Sorry, once again about the passing on to Glory of your dad, Primate Olorunwo. How did you take the passing when it happened?
That is a very heavy question. Let me confess to you that I feel that Baba is not gone because it is difficult to believe that a man like him, is gone. Yes. He is human like every other person. But in my growing up with him, I saw him as a superman, a very spiritual man, he is the greatest person I have ever met, as a human being on this planet earth. So, when he exited to Glory, it was like a surprise to me. Nobody thought of death for such a man. He was very strong, very agile, even before his exit to Glory, He will tell me to leave whatever I am carrying like a 25 Litre keg. This same man at 85, he will tell me to drop it. That it is too heavy for me and he is going to carry it. He had great energy and strength. It is still surprising to me because I saw Baba as someone that is larger than life, someone that is larger than death because when I was discussing with my siblings, I asked them: Can Baba die? Se baba le ku ni? I believe its Baba’s time because he gave so many prophecies regarding his death…
What are some of these prophecies? Can you share some of these prophecies with us?
For instance, in the church service, where you had so many dignitaries, before his 85th birthday, at one of the annual Xmas Carol Service, where you had lots of guests and the entire church members were there, Baba said, he didn’t want to scare his wife with what he saw. 2 Generals came, and he saw them, and they had soo many stars. They said they came to take him. Baba said he pleaded with those Generals that they should give him small time, to allow him to do some things, that he is not yet ready to go. He said that in the open church, nobody knew what was going to happen.
But, to our surprise, immediately after that revelation, Baba started the expansion of one of the branches in Akute, he also went to Ifo in Ogun State to build a very big church, a big auditorium. And when they did the commissioning of that auditorium, the turnout was huge. There were over a thousand people, made up of congregation and guests. It was after that he now said he wants to open that Cathedral. That was what the church has planned for on his 85th birthday. But because of the tiles, Baba ordered, there was a delay. Those that know Baba, know that he has taste. He has class, as a former Architect. So, he ordered some imported tiles, so the tiles were not ready, that was why he could not open and commission that place on his 85th birthday. So, he was actually ready, to commission it. His plan was to have that as his last 85th birthday treat.
Even days before his birthday, a lot happened. Luckily we were also around. He called me personally, he said, Layo, I don’t want to celebrate this birthday. I was shocked. I said Baba why won’t you want to celebrate this birthday, you are still alive? He said Layo, ko le ye ee. (Layo, you can’t understand).
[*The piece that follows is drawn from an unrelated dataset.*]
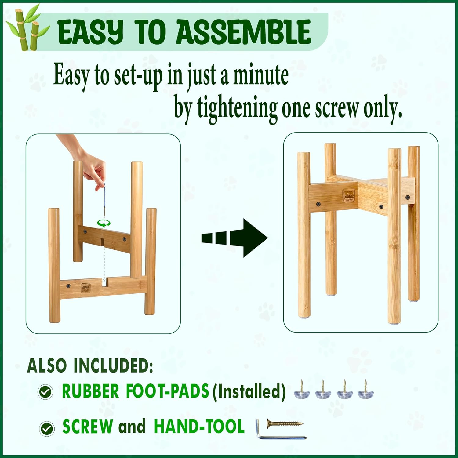 - Raises Bowl to Around 14" High β When a bowl is placed on the bamboo stand, the height of the elevated bowl will become approximately 14 inches tall from ground to bowl rim. Please see photos for measurement and set up. [Bowls shown in the photos are sold separately.]

Truly, I didn’t understand. (Truly, ko ye mi) meaning that I can’t understand. I asked him again. I said Baba, you are alive, why can’t you celebrate your birthday? He just kept quiet. He allowed the children to do what we wanted to do.
Preceding that, I also had a personal experience with him. At the last Xmas Carol in the church, I was not there. He was not comfortable with that. Fine, I went to study abroad. It got to a point, he just started insisting that I have to come home for his birthday. So, he knew something was about to happen. Because he saw that I was reluctant, in coming home, he actually stopped talking to my wife on phone, thinking maybe I don’t want to come home because of my family. The day I called him and I said Baba I bought my ticket, I am coming for your birthday, he said Layo give the phone to your wife. And Baba prayed for my wife for 30 minutes. I didn’t know there was more to it. So, after that call, I now told my wife that is there more to this coming home, that Baba is talking so serious. I never knew things were happening. Whilst I was still in the US, he also told me that Layo when you come, you are not coming straight to your house. He was just speaking in parables. You know you have been away for 2 years, I don’t want you to come to your house straight away so that you won’t be alone. I want you to stay with me for one month. And he did a place to world-class standard for me to stay in, in his house. The only thing he did that I found strange was he put a bible that he uses. I mean his personal Bible. He put AC, repainted it, did Renovation of the place. Did so many things. He just put the Bible in the middle of the room, on the centre table, on a centre rug.
He said he wanted me to stay with him for one month. He died exactly after that 1 month. All I can say is that I think he had prepared his exit. He said one month he died exactly after 1 month. So, that is why most of us are still in shock, especially me, I am still in shock. Exactly that 1 month that he said I should spend with him was when he went. He is a man that knew about his death. But as humans, it is natural for us to mourn. It is natural for us to grieve. And it is natural for us to miss a man that is so caring. Our father is caring not just as a father but also has a motherly love. He had that attribute of Christ in him. People that dealt with him, all testified to that about him.
I think the satisfaction I have now is that a lot of people came for his burial. So full was the church that we had a marquee outside, and even his friends that came that couldn’t enter the church stayed outside in the marquee. There was an overflow. People sat in the marquee, while some stood up. There was a huge crowd. People stood on the road to honour Baba.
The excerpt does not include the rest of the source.